Last year, I missed the CBSO’s visit to Sage Gateshead, spending most of the evening stuck in snow on the motorway, so this year I was determined that nothing would go wrong, particularly not with one of my favourite orchestral pieces on the programme. It’s sometimes dangerous reviewing a piece you really love – the reviewer runs a risk of being unnecessarily fussy about small details, but Andris Nelsons and the CBSO put in a thrilling and flawless performance of Stravinsky’s ballet Petrushka.
The first half of the concert was dedicated to works from the beginning and end of Richard Strauss’ long life. The musical language of his final work, the Four Last Songs, looks back to Strauss’s early romanticism, a style which began with his tone poem Don Juan, written in 1889, and which opened tonight’s concert.
The CBSO launched into Don Juan with a tightly controlled flourish that set the tone for the rest of the evening. Nelsons kept the volume at a moderate level which enabled him to unravel all the strands of Strauss’ rich orchestration, producing coherent, intelligent music instead of the unwieldy noise that I often associate with Strauss. After the flair of the opening, the performance took on a lovely flow; the overall sound was rich and warm, but there was always a sense of momentum, making the sudden change of mood at the end, with its daringly long silence, all the more shocking.
Don Juan is notorious for the virtuosity demanded throughout the orchestra but amid all the excitement, the captivating oboe solo created an intense moment of peace, one that would be matched later by soprano Erin Wall in September, the second of the songs. The brass section too were extraordinary not just for the fluidity of their big solos – most notably the trumpet solo in Petrushka, but also for their impressive blend; the four unison horns in Don Juan melted together into one clean sound.
Strauss’ Four Last Songs are the reflection of the elderly composer, and his soprano wife, at the end of their lives. Andris Nelsons and Erin Wall created an atmosphere not of melancholy but of quiet rapture, Wall’s creamy tones overlaid with the luxuriant orchestral playing; the voice becoming a member of the orchestra, not a soloist. At times, particularly in the final song, Im Abendrot, she showed impressive musicianship as she allowed her voice to merge into the orchestral texture, with the confidence that she would still be heard.

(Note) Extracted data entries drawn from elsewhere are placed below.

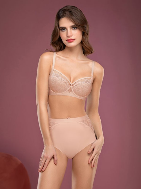 Трусы-слип с высокой линией талии. Высота бочка 16 см. Двуслойная, проклеенная передняя деталь. По талии имеется проклеенный поясок в 1,5см вместо резинок и по ножкам микрофибра фрикат. Выполнены из микрофибры фрикат (free cut), сетки, кружева с оригинальным орнаментом. Коллекция "Gala"
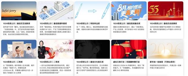 从本届获奖作品整体来看,参赛内容不再局限于节日营销或品牌展示,而是明显向公共议题、文化叙事与数据表达延展。高校组织、媒体机构与地方政务团队的参与比例持续提升,反映出 SVG 交互设计在公共传播领域的应用潜力。
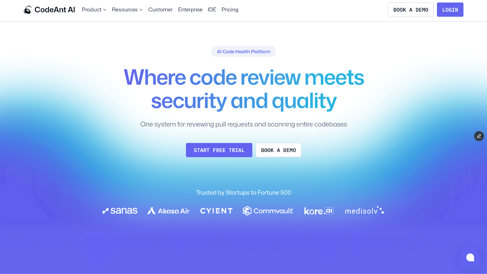CodeAnt AI is an AI-native code security and review platform that combines SAST, SCA, secrets detection, and Infrastructure-as-Code scanning into a single PR-native workflow across GitHub, GitLab, Bitbucket, and Azure DevOps.
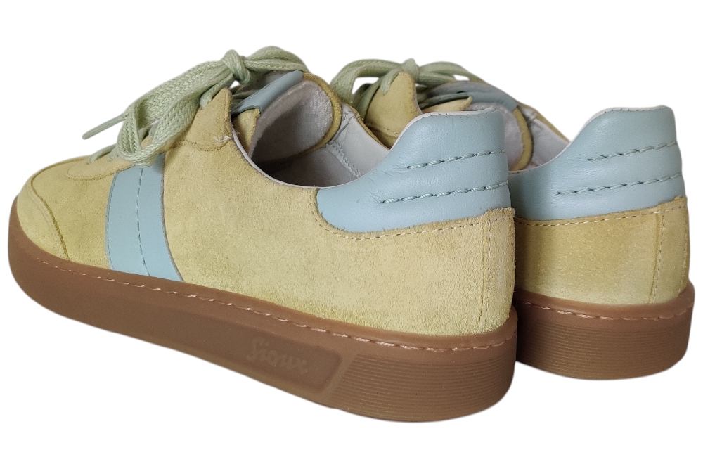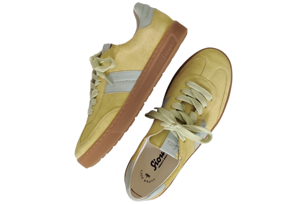 Dames sneaker van Sioux. Deze sneaker heeft een uitneembaar voetbed. Materiaal: suede. Voering: stof/leer. Kleur:geel. Zool: rubber. Hakhoogte: ca 2 cm.
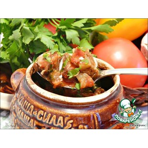 Описание: Купила я сухую приправу "Аджика", и на обратной стороне был дан рецепт "Чанахи". Прочитав рецепт, я поняла, что готовлю почти так же узбекскую "Домляму", только "Домляму" готовлю в большом казане, а "Чанахи" предлагалось приготовить в горшочках, что, в принципе, меня и подкупило, и ещe заинтересовала закладка мяса, здесь мясо предлагалось класть в самую последнюю очередь, кстати, получилось очень вкусно, и мясо было нежным)))
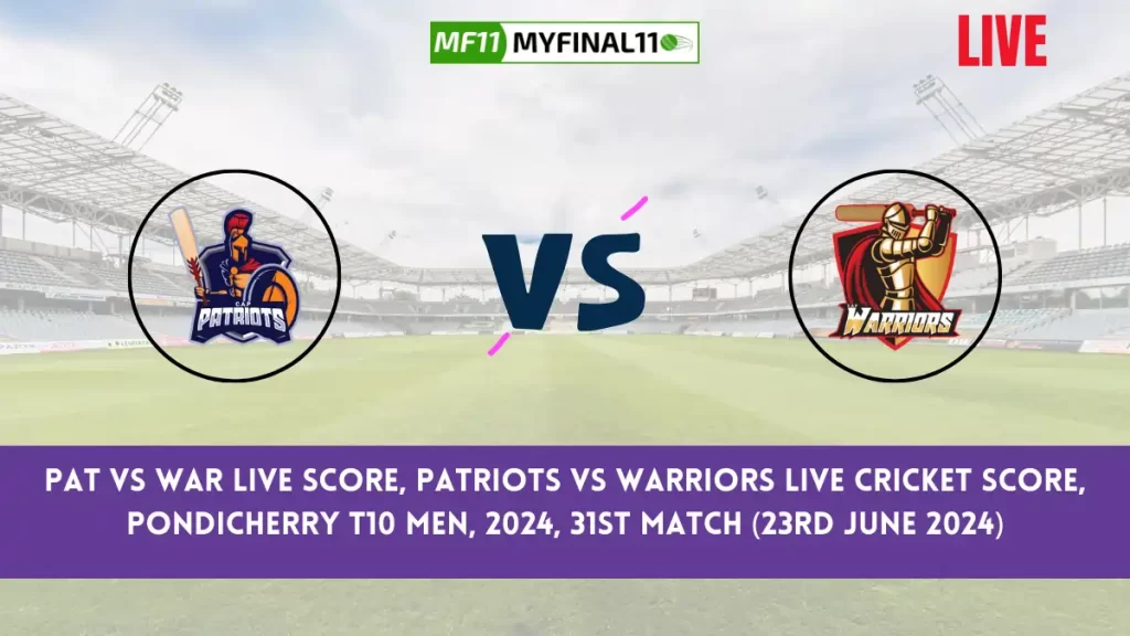 Get live score updates for the PAT vs WAR match as Patriots (PAT) take on Warriors (WAR) in the 31st Pondicherry Men’s T10, 2024 match. Follow the live score and ball-by-ball commentary here. The match will begin on June 23rd, 2024, at 08:30 AM IST and will be hosted at Cricket Association Puducherry Ground 4, Puducherry. Live Streaming of this match is available on the Fancode, and for PAT vs WAR Live Cricket scorecard ball-by-ball commentary, Visit Here.

Her sound in the opening song, Frühling, was suffused with light, and in Beim Schalfengehen was a sumptuous outpouring of emotion. In the closing moments of Im Abendrot the composer senses the arrival of death, and greets it not with fear, but with wonder: this was conveyed with magically quiet singing by Wall, against Strauss’ extraordinary orchestral colours – where else do you hear a piccolo duet accompanied by muted tuba?
The brittle, piquant sound of Petrushka offered a refreshing balance to the honeyed richness of the Strauss, which at times threatened to overwhelm me with its sweetness. The opening depiction of the Shrovetide fair was fast and thrilling, driven forwards by relentless strings and Andris Nelsons’ characterful style; he was not so much conductor as the ballet’s puppetmaster. His extreme dramatic gestures – dancing, hopping on one leg, leaning backwards right over the rail, and his exaggerated nonchalance when he stopped beating during the solos could have been hammy were it not for the effect they had on the music, the orchestra picking up every gesture and pouring it into their sound.
As in the Strauss, every individual part was vividly clear, and the solos were all excellent. The quieter inner sections of the ballet, in which the love triangle between the puppets unfolds, mixed some languid, lyrical playing with startling moments of terror that were underpinned by a meaty double-bass section, and the effective vivid jerkiness of the puppets coming to life. Even the simple drum rolls linking the scenes had extra colour added, through perfectly timed crescendos.
By the time the story returns to the fairground, Nelsons, punching the air on the off-beats, had whipped the orchestra into a frenzy, building up from a bass rumble. Like Don Juan, though, Petrushka ends on a sudden mood-change, which was deftly executed, with a miniscule cello tremolo and a tranquil violin solo before the final bassoon flourish. If there was anything missing in this performance it was that Stravinsky’s undercurrent of menace was lost in the frenzy, but it is hard to imagine a better evocation of the tricks and illusions, of the puppet world where no-one is quite sure what is real, and of the intoxicated madness of a Russian winter fair, than that conjured up by the magician Andris Nelsons.